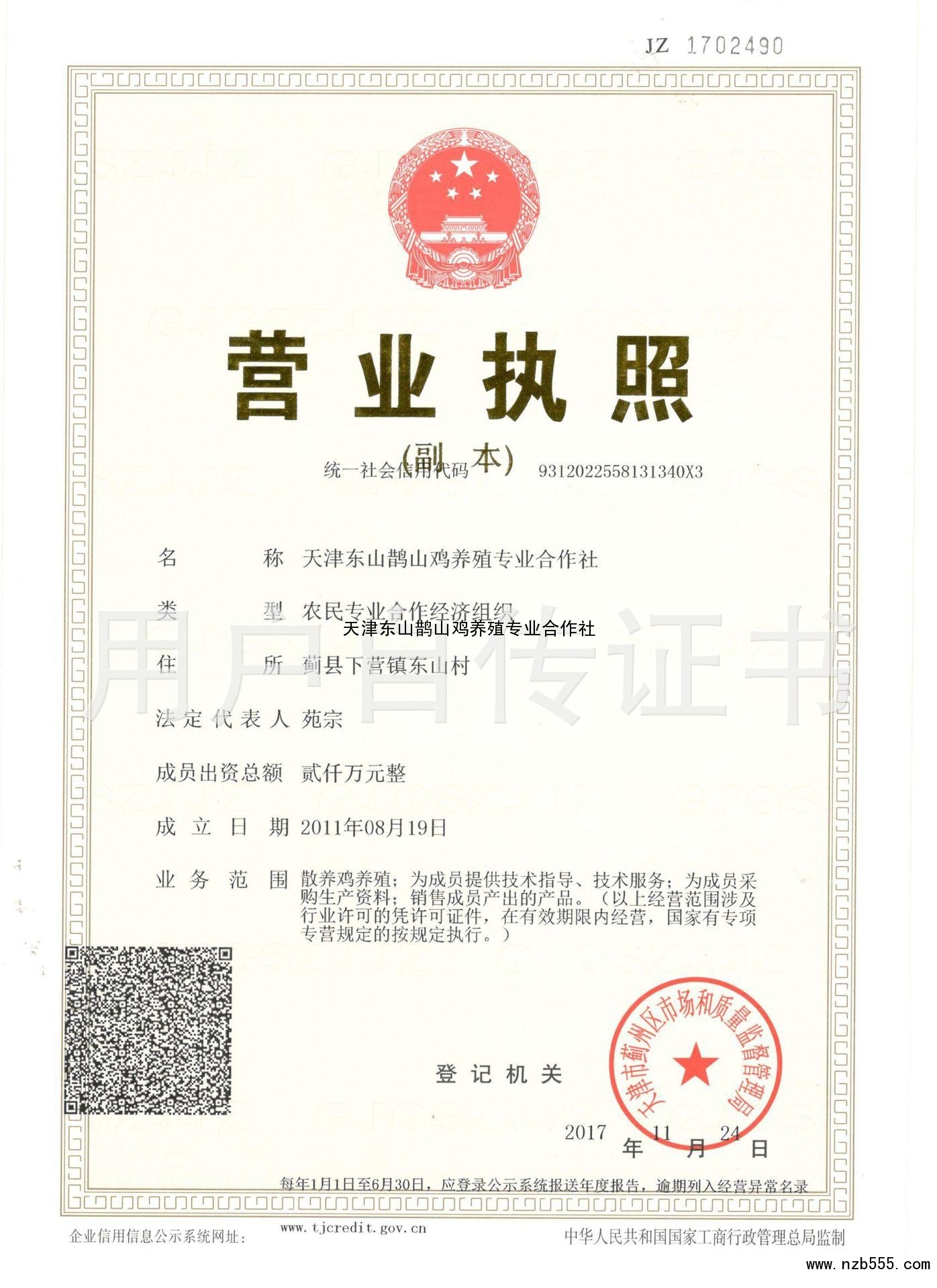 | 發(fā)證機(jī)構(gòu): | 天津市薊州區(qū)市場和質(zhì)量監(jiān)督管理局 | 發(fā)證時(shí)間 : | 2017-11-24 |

==

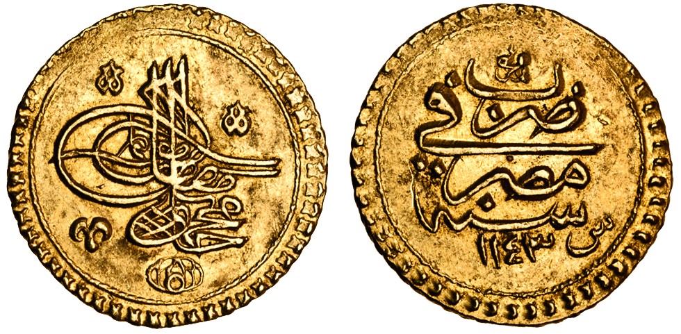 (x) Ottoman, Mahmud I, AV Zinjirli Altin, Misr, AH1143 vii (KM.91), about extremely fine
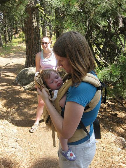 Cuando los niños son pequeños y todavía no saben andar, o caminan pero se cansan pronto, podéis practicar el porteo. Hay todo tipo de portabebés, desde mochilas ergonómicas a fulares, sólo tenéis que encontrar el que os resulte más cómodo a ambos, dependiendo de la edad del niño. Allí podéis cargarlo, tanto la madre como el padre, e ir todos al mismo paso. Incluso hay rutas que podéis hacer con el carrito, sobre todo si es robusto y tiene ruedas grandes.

▶ **WORK TASK**
Please return the data above exactly as it stands from the line with "(x) Ottoman, Mahmud" to the line with "Cuando los niños", keeping both of those lines but none of the pictures.

▶ **SOLUTION FOR THIS EXERCISE**
 (x) Ottoman, Mahmud I, AV Zinjirli Altin, Misr, AH1143 vii (KM.91), about extremely fine
 Cuando los niños son pequeños y todavía no saben andar, o caminan pero se cansan pronto, podéis practicar el porteo. Hay todo tipo de portabebés, desde mochilas ergonómicas a fulares, sólo tenéis que encontrar el que os resulte más cómodo a ambos, dependiendo de la edad del niño. Allí podéis cargarlo, tanto la madre como el padre, e ir todos al mismo paso. Incluso hay rutas que podéis hacer con el carrito, sobre todo si es robusto y tiene ruedas grandes.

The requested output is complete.